[Stored entries]
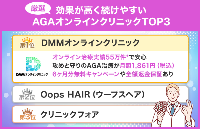 効果が高く続けやすいAGAオンラインクリニックTOP3
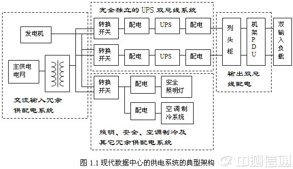 對于現(xiàn)代化機(jī)房,我們關(guān)鍵看配電環(huán)節(jié)。總的來說,將變電所送來的工頻交流電直接送給計(jì)算機(jī)設(shè)備配電柜,然后再分配給計(jì)算機(jī)設(shè)備。直接供電方式具有設(shè)備少、投資運(yùn)行費(fèi)用低、供電簡單、維修方便等優(yōu)點(diǎn)。缺點(diǎn)是對電網(wǎng)質(zhì)量要求高,容易受電網(wǎng)及負(fù)載變化的影響。一般來說,大中城市的供電系統(tǒng)可以滿足主機(jī)及外圍設(shè)備對電網(wǎng)質(zhì)量的要求,但設(shè)計(jì)時(shí)要注意避免機(jī)房附近有較大負(fù)載的啟動、電磁干擾等情況。交流穩(wěn)壓器供電。50Hz的工頻電源經(jīng)交流穩(wěn)壓器后,再供計(jì)算機(jī)使用,可以衰減許多暫態(tài)沖擊、幅度波動和電壓脈沖,但無法糾正電源頻率波動。
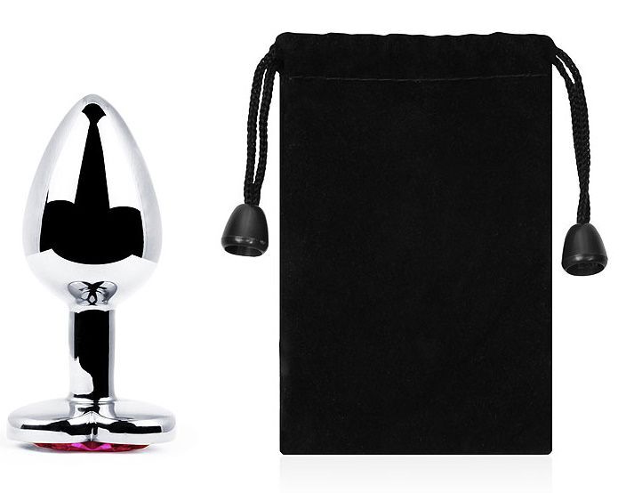 Серебристая анальная пробка с розовым кристаллом-сердечком - 7 см.
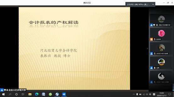 12月13日晚,公司特邀河北经贸大学会计公司经理袁振兴教授通过腾讯会议平台为公司师生做了题为“财务报表的产权解读”的报告会。本次报告会由MPAcc教育中心主任金帆主持,公司2020级MPAcc全体研究生和部分教师在线听取了报告。
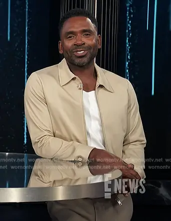 Justin Sylvester on E! News on E! was spotted wearing this beige zip front jacket on E! News on Jul 29 2024's episode. Justin's Jacket is the Twill shirt jacket by Sandro.
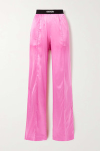 EDITORS'NOTES Expertly tailored in Italy, TOM FORD's pajama-style pants are suitable for dinners and daytime looks alike. They're made from lustrous silk-satin blended with stretch and have an elasticated, logo-detailed velvet waistband. Balance the relaxed legs with heeled sandals. SIZE & FIT - Fits true to size, take your normal size - High-rise, cut for a relaxed fit - Elasticated at the waist for a comfortable fit - Lightweight, stretchy fabric - Model is 177cm/ 5'10" and is wearing a size Small DETAILS & CARE - Pink stretch-silk satin, black and white velvet - Pull on - 93% silk, 7% elastane; trim: 90% polyamide, 10% elastane - Dry clean - Designer colour: Rosebloom
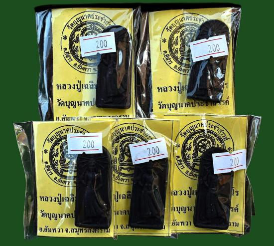 ชุด 5 องค์...พระขุนแผนชมตลาด (หนุ่มรุมรัก สาวลุ่มหลง) เนื้อผงดำหลังฝังตะกรุดเงิน ปี 2558 หลวงปู่เฉลิม วัดบุญนาคประชาสรรค์ จ.สมุทรสงคราม พร้อมซองเดิมจากวัด

- [To do] With all pictures removed, reproduce the lines from the top of the entries above through the line containing "Justin Sylvester on", exactly as written.

- [Output of the task]
 効果が高く続けやすいAGAオンラインクリニックTOP3
 對于現(xiàn)代化機(jī)房,我們關(guān)鍵看配電環(huán)節(jié)。總的來說,將變電所送來的工頻交流電直接送給計(jì)算機(jī)設(shè)備配電柜,然后再分配給計(jì)算機(jī)設(shè)備。直接供電方式具有設(shè)備少、投資運(yùn)行費(fèi)用低、供電簡單、維修方便等優(yōu)點(diǎn)。缺點(diǎn)是對電網(wǎng)質(zhì)量要求高,容易受電網(wǎng)及負(fù)載變化的影響。一般來說,大中城市的供電系統(tǒng)可以滿足主機(jī)及外圍設(shè)備對電網(wǎng)質(zhì)量的要求,但設(shè)計(jì)時(shí)要注意避免機(jī)房附近有較大負(fù)載的啟動、電磁干擾等情況。交流穩(wěn)壓器供電。50Hz的工頻電源經(jīng)交流穩(wěn)壓器后,再供計(jì)算機(jī)使用,可以衰減許多暫態(tài)沖擊、幅度波動和電壓脈沖,但無法糾正電源頻率波動。
 Серебристая анальная пробка с розовым кристаллом-сердечком - 7 см.
 12月13日晚,公司特邀河北经贸大学会计公司经理袁振兴教授通过腾讯会议平台为公司师生做了题为“财务报表的产权解读”的报告会。本次报告会由MPAcc教育中心主任金帆主持,公司2020级MPAcc全体研究生和部分教师在线听取了报告。
 Justin Sylvester on E! News on E! was spotted wearing this beige zip front jacket on E! News on Jul 29 2024's episode. Justin's Jacket is the Twill shirt jacket by Sandro.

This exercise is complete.